-- DATASET EXTRACT --
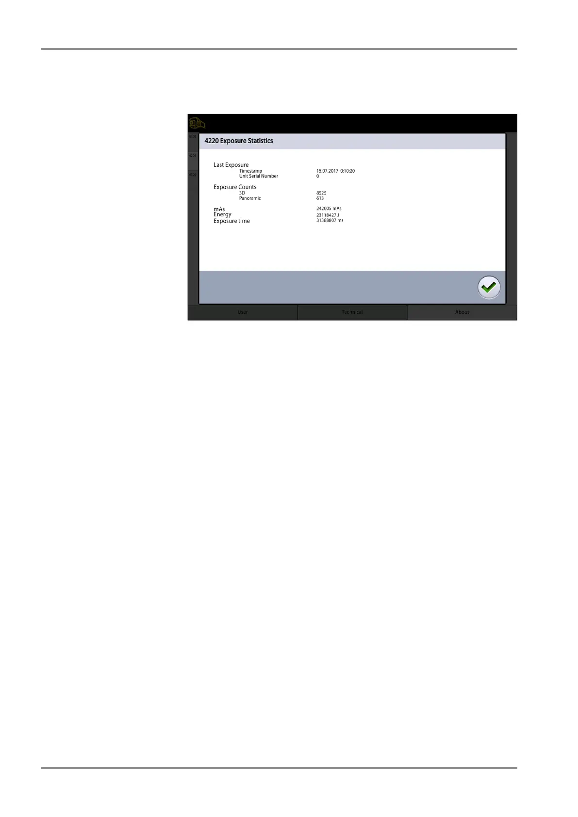 Select About > 4200 Archive > 4220 Exposure Statistics to view statistical
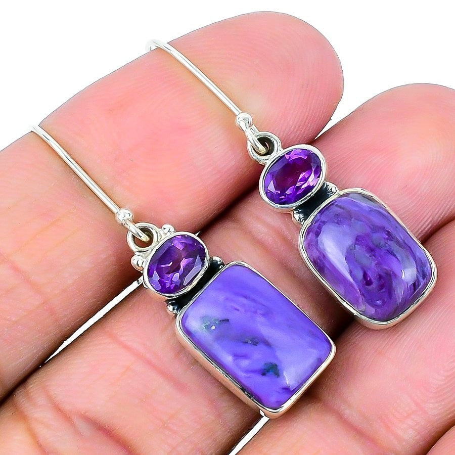 Natural Russian Charoite Solid Silver Birthday Handmade Drop Hook Wife Earrings
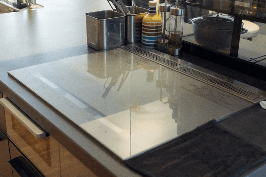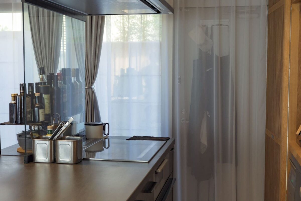 ジョージさん「コンロも掃除しやすいようにIHです。プロでもIHを使うんですか!? と聞かれることもありますが、実はフランス本国の調理場は、ミシュラン三ツ星の店も含めほとんどIHなんです。火力が調整しやすく、均一に火が入るので良いことだらけです。また、コンロに向って右側にも大きな窓があることで、光が差し込む空間で炒め物ができるのも個人的に気に入っています」
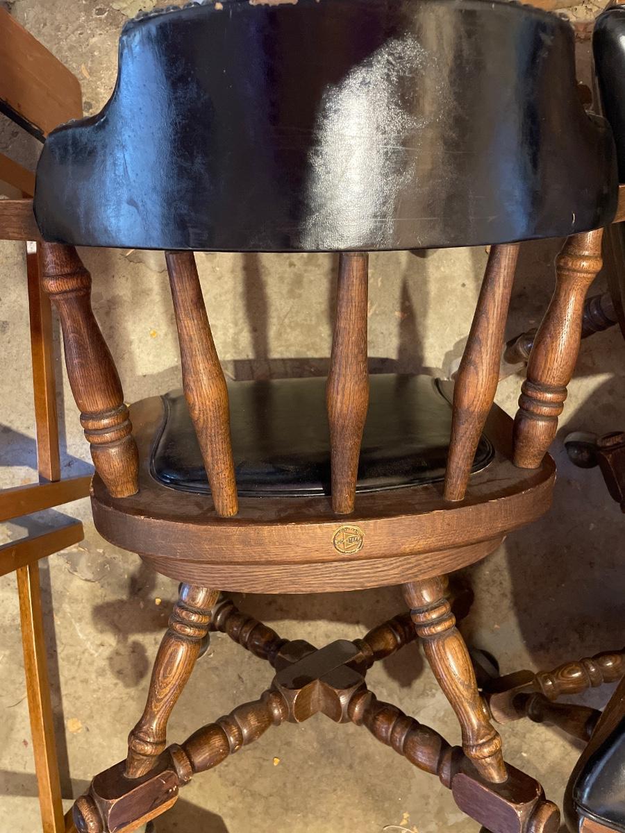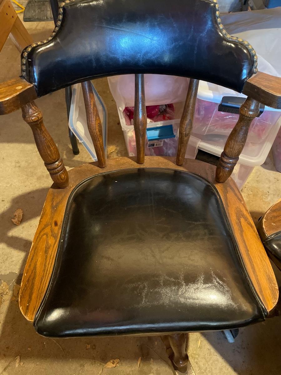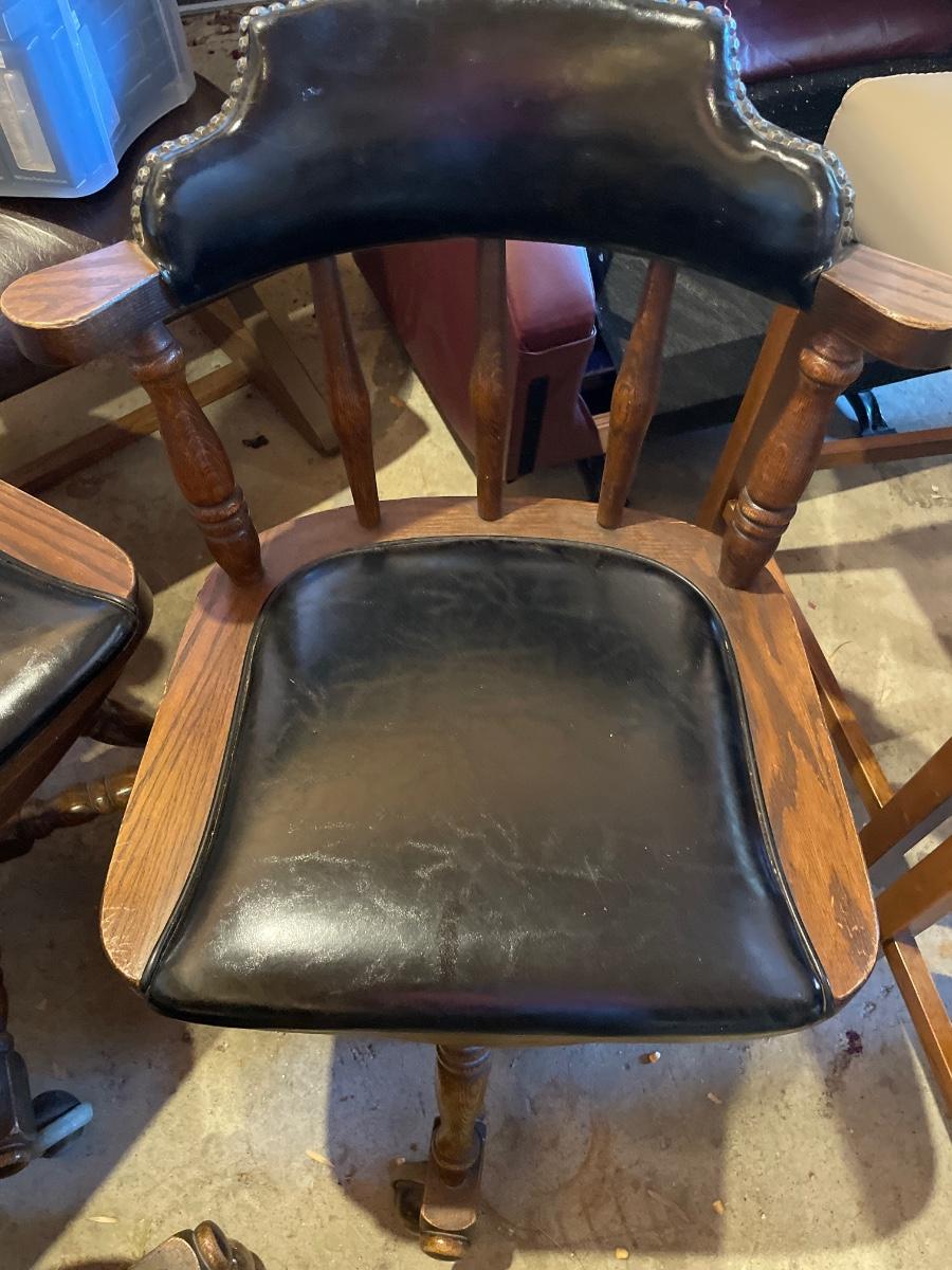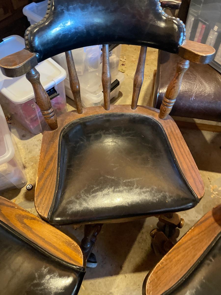 3 Buckstaff leather stud chairs on wheels

-- REQUIRED WORK --
Your copy should begin at the line containing "ジョージさん「コンロも掃除し" and end at the last line of the data above, matching each line exactly and holding no pictures.

-- TASK OUTPUT --
 ジョージさん「コンロも掃除しやすいようにIHです。プロでもIHを使うんですか!? と聞かれることもありますが、実はフランス本国の調理場は、ミシュラン三ツ星の店も含めほとんどIHなんです。火力が調整しやすく、均一に火が入るので良いことだらけです。また、コンロに向って右側にも大きな窓があることで、光が差し込む空間で炒め物ができるのも個人的に気に入っています」
 3 Buckstaff leather stud chairs on wheels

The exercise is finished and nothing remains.